(DATA EXTRACT)

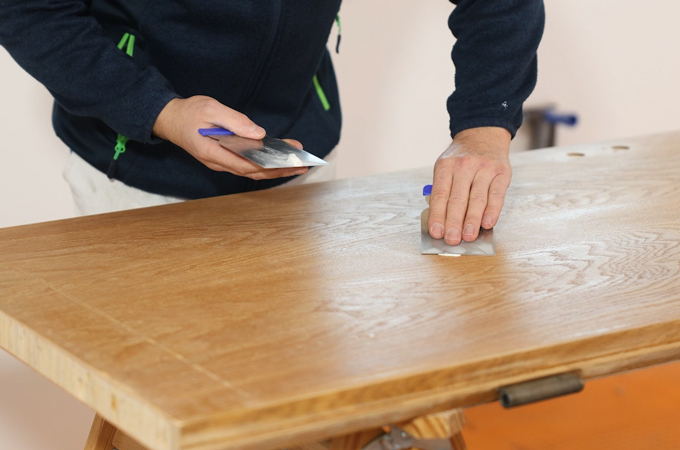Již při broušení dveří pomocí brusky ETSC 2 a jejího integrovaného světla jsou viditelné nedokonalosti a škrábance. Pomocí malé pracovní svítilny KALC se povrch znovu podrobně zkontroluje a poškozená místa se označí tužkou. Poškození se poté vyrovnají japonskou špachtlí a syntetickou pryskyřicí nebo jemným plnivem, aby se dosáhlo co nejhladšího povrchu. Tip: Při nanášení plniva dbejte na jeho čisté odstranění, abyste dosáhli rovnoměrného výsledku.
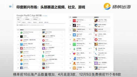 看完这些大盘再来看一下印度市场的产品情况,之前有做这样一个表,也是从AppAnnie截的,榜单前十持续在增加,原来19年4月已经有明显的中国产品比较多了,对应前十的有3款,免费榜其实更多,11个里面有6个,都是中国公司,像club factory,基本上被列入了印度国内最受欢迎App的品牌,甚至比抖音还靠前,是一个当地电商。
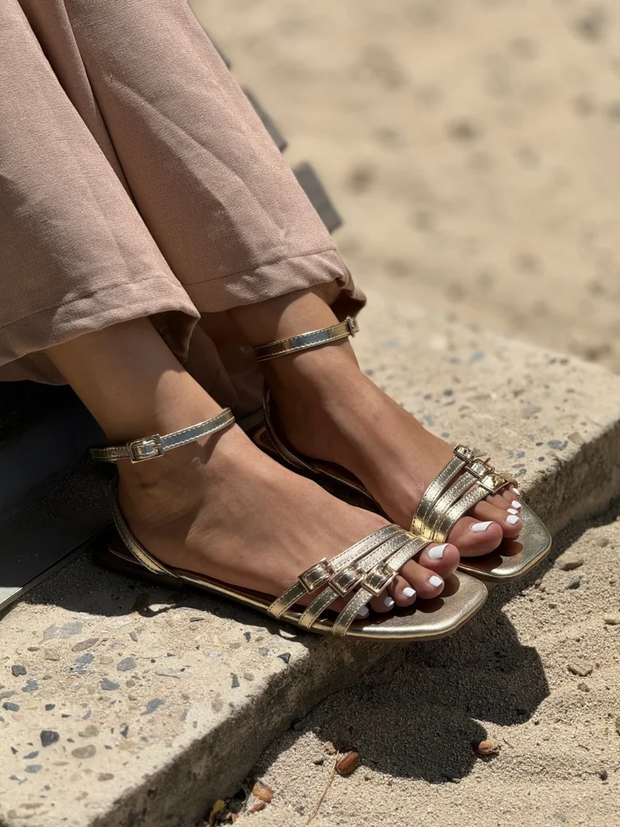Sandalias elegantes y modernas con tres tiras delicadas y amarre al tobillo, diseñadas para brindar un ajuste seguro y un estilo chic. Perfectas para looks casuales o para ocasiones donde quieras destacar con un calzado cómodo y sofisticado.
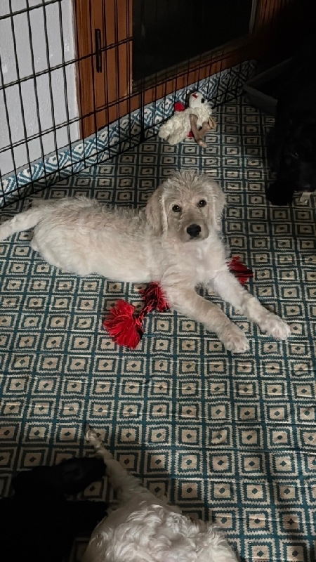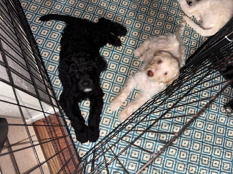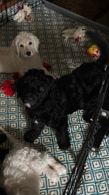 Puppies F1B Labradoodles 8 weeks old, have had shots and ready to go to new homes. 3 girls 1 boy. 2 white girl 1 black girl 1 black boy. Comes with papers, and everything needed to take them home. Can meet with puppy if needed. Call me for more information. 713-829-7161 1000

(End DATA EXTRACT)

• [WHAT YOU HAVE TO DO]:
Print the complete listing exactly, apart from any pictures.

• [OUTPUT FOR THIS TASK]:
Již při broušení dveří pomocí brusky ETSC 2 a jejího integrovaného světla jsou viditelné nedokonalosti a škrábance. Pomocí malé pracovní svítilny KALC se povrch znovu podrobně zkontroluje a poškozená místa se označí tužkou. Poškození se poté vyrovnají japonskou špachtlí a syntetickou pryskyřicí nebo jemným plnivem, aby se dosáhlo co nejhladšího povrchu. Tip: Při nanášení plniva dbejte na jeho čisté odstranění, abyste dosáhli rovnoměrného výsledku.
 看完这些大盘再来看一下印度市场的产品情况,之前有做这样一个表,也是从AppAnnie截的,榜单前十持续在增加,原来19年4月已经有明显的中国产品比较多了,对应前十的有3款,免费榜其实更多,11个里面有6个,都是中国公司,像club factory,基本上被列入了印度国内最受欢迎App的品牌,甚至比抖音还靠前,是一个当地电商。
Sandalias elegantes y modernas con tres tiras delicadas y amarre al tobillo, diseñadas para brindar un ajuste seguro y un estilo chic. Perfectas para looks casuales o para ocasiones donde quieras destacar con un calzado cómodo y sofisticado.
 Puppies F1B Labradoodles 8 weeks old, have had shots and ready to go to new homes. 3 girls 1 boy. 2 white girl 1 black girl 1 black boy. Comes with papers, and everything needed to take them home. Can meet with puppy if needed. Call me for more information. 713-829-7161 1000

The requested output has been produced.